For most conspicuous bravery and determination in attack when the company to which he belonged suffered very heavy casualties in officers and men from machine gun fire.

At great personal risk this N.C.O. advanced with a comrade and succeeded in reaching a point within thirty yards of the enemy guns. Four of the gun crew were killed and the gun captured.

The advance of the company was continued till it was again held up by machine gun fire. Again Sjt. Brown and his comrade with great gallantry rushed the gun and killed the crew.

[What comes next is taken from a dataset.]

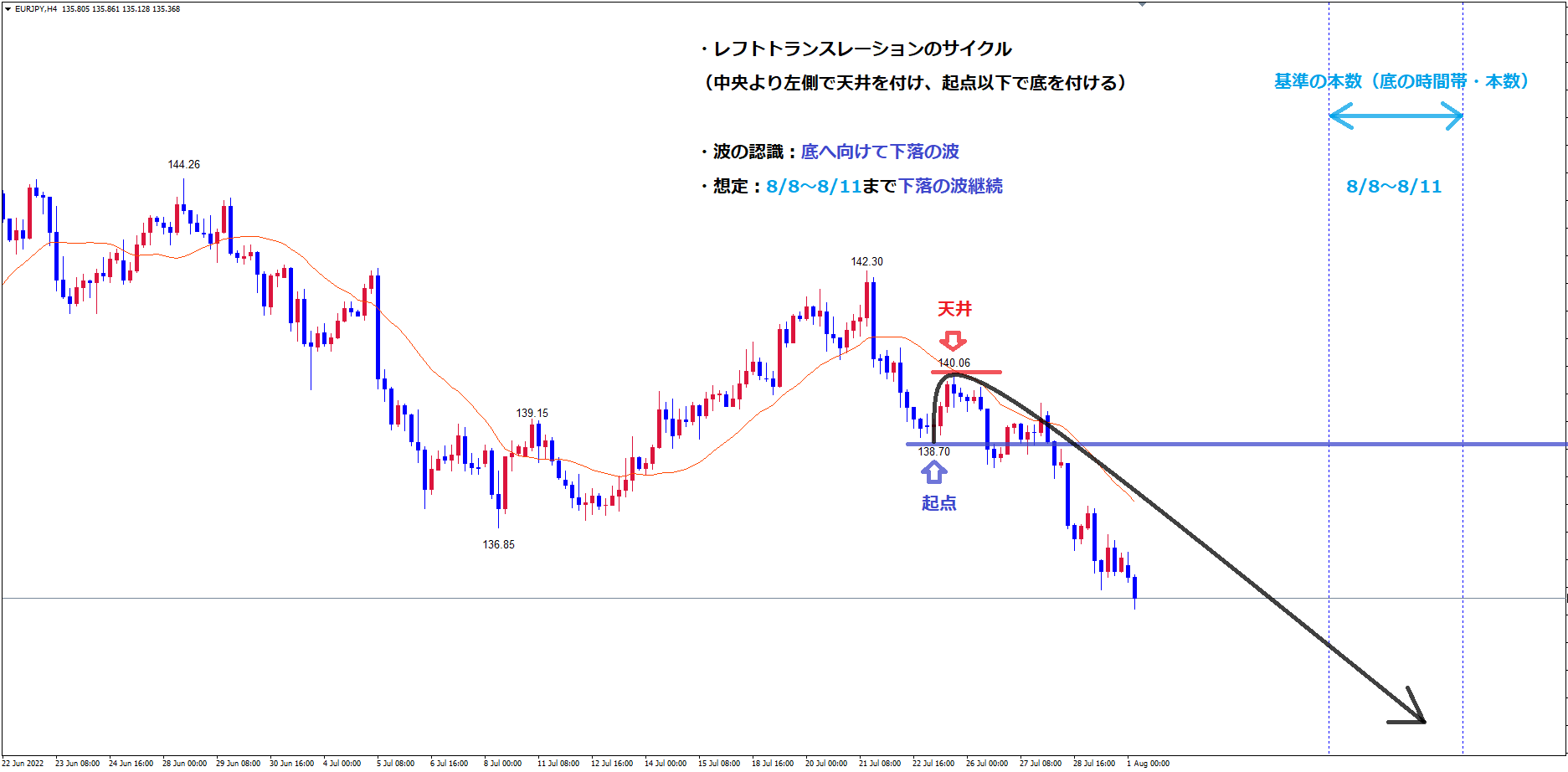 そして、既に起点の青のラインを割れている事でレフトトランスレーションの確定中で、現在は天井の赤のライン140.06から底へ向けて下落中です。

After this second position had been won, the company came under very heavy shell fire, and the utter contempt for danger and coolness under fire of this N.C.O. did much to keep up the spirit of his men.

On a subsequent occasion in attack, Sjt Brown showed most conspicuous gallantry. He attacked singlehanded a machine gun which was holding up the attack, killed the gun crew, and captured the gun. Later, while sniping the retreating enemy, this very gallant soldier was killed.
— The London Gazette, No. 30130, 12 June 1917

Brown's VC was only the second to be awarded to a soldier of the NZEF and the first as a result of an action on the Western Front. Arthur Foljambe, the 2nd Earl of Liverpool and New Zealand's Governor General, presented the VC to Brown's father in a ceremony at Oamaru on 30 August 1917. The medal remains in the possession of his family but it has been loaned for display at Waitaki Boys' High School, the QEII Army Memorial Museum in Waiouru and the North Otago Museum.

Brown is buried at Warlencourt British Cemetery, France. A memorial tablet in his honour was unveiled in the Oamaru Municipal Chambers on 27 October 1917. In 1919, as part of an effort to recognise men from North Otago who had been killed in the war, an oak tree was planted in his memory in Oamaru. There is also a plaque honouring him in Queens Gardens, Dunedin.